§ **ABOUT THIS EXERCISE**
Make an exact copy of the entries, taking out every picture.

(Records from a collection)

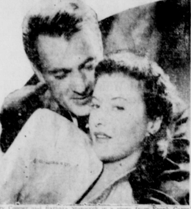
Gary Cooper and Barbara Stanwyck in a scene from Frank Capra's hilarity "Meet John Doe" which will be seen here at the Arcadia theatre beginning today. Edward Arnold and Walter Brennan are also featured.
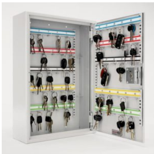
Key Vault Padlock 50
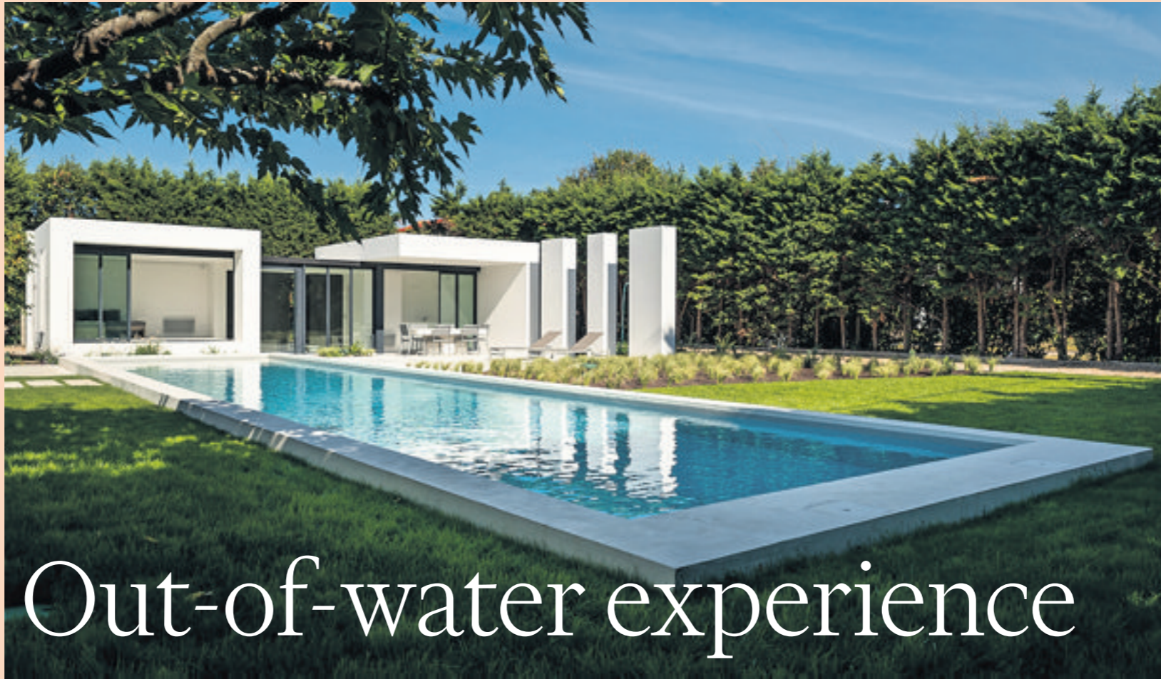
A pool house in Biarritz, France, designed by Atelier Delphine Carrère
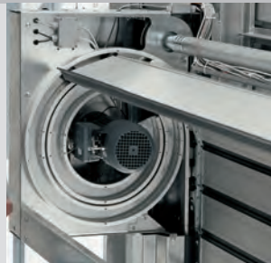
AC drive motor
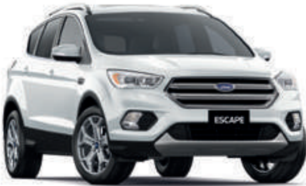
Escape Titanium shown in Frozen White.
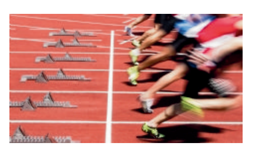
The tension between competition and cooperation in sport: applying Competition Law in a sporting context Noel Beale
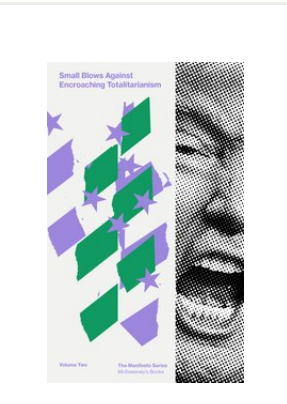
The second installment of our Manifesto Series is available for preorder. Orders will ship late January, 2019. Since the 2016 election, reading the news each day can send even the most placid...

Let us do away with the job market and mathjobs.com and reference letters. Let us stop pretending we understand each other's respective sub-fields. Let us abandon those fuck-ugly Brutalist travesties we call our department buildings and leave them to those shills in applied math. Let us seclude ourselves in mountain caves and daub mysterious equations in blood across rockfaces to ward off outsiders. Let us embrace our most impenetrable mathematical texts as sacred and requiring divinely distributed revelation.
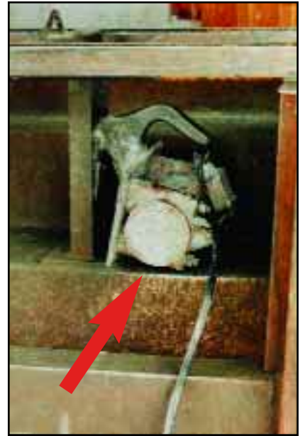
3-Step Form using US-900 Electric with UW-2 Wedge Bracket.

Concrete steps are generally poured either upside-down or straight up. Either way, our high frequency Model US-900 or US-1600 is the most frequently used electric vibrator. The SVRW-4000 or CCW-2000 (page 2-3) can be used if air vibrators are desired. They are placed on form stiffeners on the inside transmitting the vibration to the form side. Apply the same general rules for obtaining strong and smooth surfaces as for septic tanks.
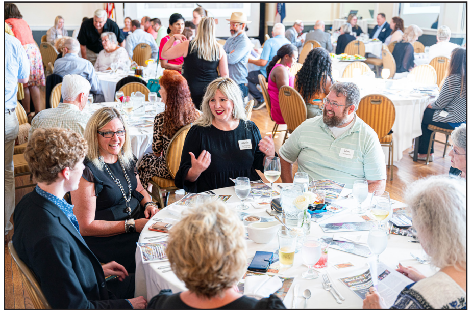
A record number of guests joined in celebrating the Mayor's Awards for the Arts at the Benton Club in July.
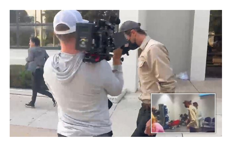
Boyfriend of 'killer' yoga teacher STAMPS on cameraman's foot
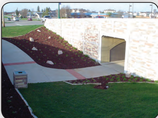
Underpasses are effective solutions, but expensive.

Trails can be expensive but provide great enjoyment to users of all ages. Multiple funding sources are available for trails, but demand and competition for funding is high.
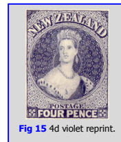
Fig 15 4d violet reprint.

Published in 1950, The Postage Stamps of New Zealand, Volume II contains officially sanctioned reprints of New Zealand's first stamps, or Full-Face Queens. These were printed from the original Perkins, Bacon & Co. dies but in altered colours, on thick unwatermarked cream paper. The colours were altered from those that appeared on the original denomination stamps to one that appeared on a different coloured denomination stamp, viz., 1d blue; 2d vermilion; 3d green; 4d violet - see Figure 15, 6d purple and 1/- orange.
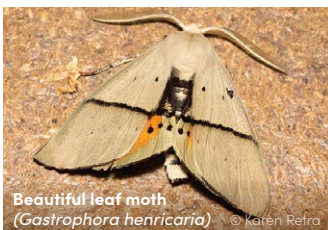
Beautiful leaf moth ( Gastrophora henricaria )

Butterflies have wings covered in tiny scales. They have clubbed antennae and hold their wings upright when at rest. They are day-flying and have long tongues that they can use to feed on nectar in flowers with deep tubes. Butterflies are usually brightly coloured, with approximately 600 species found in Australia.
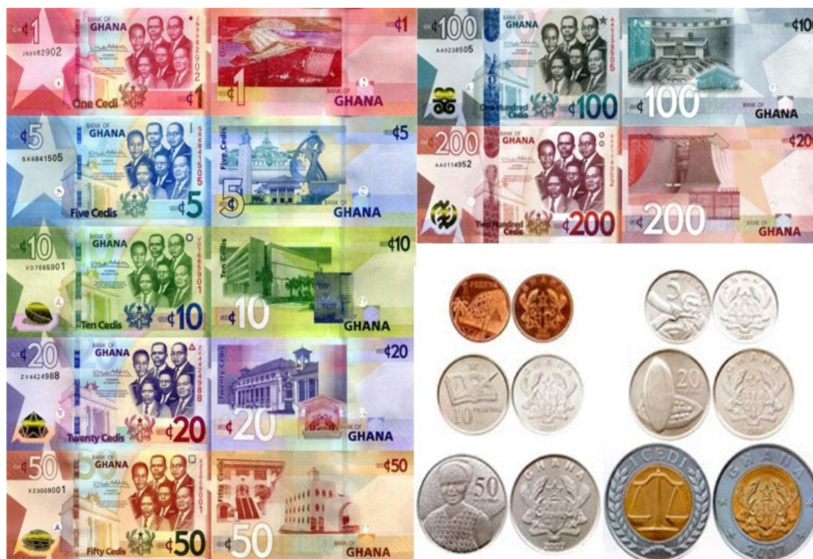
Figure 9.1 Some Ghanaian Currency – Notes and Coins

In this modern world, most countries use currencies as money in exchange for goods and services. In Ghana, the currency we use is in the form of banknotes, coins, credit and debit cards, and cheques. Barter still occurs in rural communities in Ghana where people do not earn wages or have little cash. One person might exchange vegetables they have grown for other goods.

§ **PROBLEM SOLUTION**
Gary Cooper and Barbara Stanwyck in a scene from Frank Capra's hilarity "Meet John Doe" which will be seen here at the Arcadia theatre beginning today. Edward Arnold and Walter Brennan are also featured.
Key Vault Padlock 50
A pool house in Biarritz, France, designed by Atelier Delphine Carrère
AC drive motor
Escape Titanium shown in Frozen White.
The tension between competition and cooperation in sport: applying Competition Law in a sporting context Noel Beale
The second installment of our Manifesto Series is available for preorder. Orders will ship late January, 2019. Since the 2016 election, reading the news each day can send even the most placid...

Let us do away with the job market and mathjobs.com and reference letters. Let us stop pretending we understand each other's respective sub-fields. Let us abandon those fuck-ugly Brutalist travesties we call our department buildings and leave them to those shills in applied math. Let us seclude ourselves in mountain caves and daub mysterious equations in blood across rockfaces to ward off outsiders. Let us embrace our most impenetrable mathematical texts as sacred and requiring divinely distributed revelation.
3-Step Form using US-900 Electric with UW-2 Wedge Bracket.

Concrete steps are generally poured either upside-down or straight up. Either way, our high frequency Model US-900 or US-1600 is the most frequently used electric vibrator. The SVRW-4000 or CCW-2000 (page 2-3) can be used if air vibrators are desired. They are placed on form stiffeners on the inside transmitting the vibration to the form side. Apply the same general rules for obtaining strong and smooth surfaces as for septic tanks.
A record number of guests joined in celebrating the Mayor's Awards for the Arts at the Benton Club in July.
Boyfriend of 'killer' yoga teacher STAMPS on cameraman's foot
Underpasses are effective solutions, but expensive.

Trails can be expensive but provide great enjoyment to users of all ages. Multiple funding sources are available for trails, but demand and competition for funding is high.
Fig 15 4d violet reprint.

Published in 1950, The Postage Stamps of New Zealand, Volume II contains officially sanctioned reprints of New Zealand's first stamps, or Full-Face Queens. These were printed from the original Perkins, Bacon & Co. dies but in altered colours, on thick unwatermarked cream paper. The colours were altered from those that appeared on the original denomination stamps to one that appeared on a different coloured denomination stamp, viz., 1d blue; 2d vermilion; 3d green; 4d violet - see Figure 15, 6d purple and 1/- orange.
Beautiful leaf moth ( Gastrophora henricaria )

Butterflies have wings covered in tiny scales. They have clubbed antennae and hold their wings upright when at rest. They are day-flying and have long tongues that they can use to feed on nectar in flowers with deep tubes. Butterflies are usually brightly coloured, with approximately 600 species found in Australia.
Figure 9.1 Some Ghanaian Currency – Notes and Coins

In this modern world, most countries use currencies as money in exchange for goods and services. In Ghana, the currency we use is in the form of banknotes, coins, credit and debit cards, and cheques. Barter still occurs in rural communities in Ghana where people do not earn wages or have little cash. One person might exchange vegetables they have grown for other goods.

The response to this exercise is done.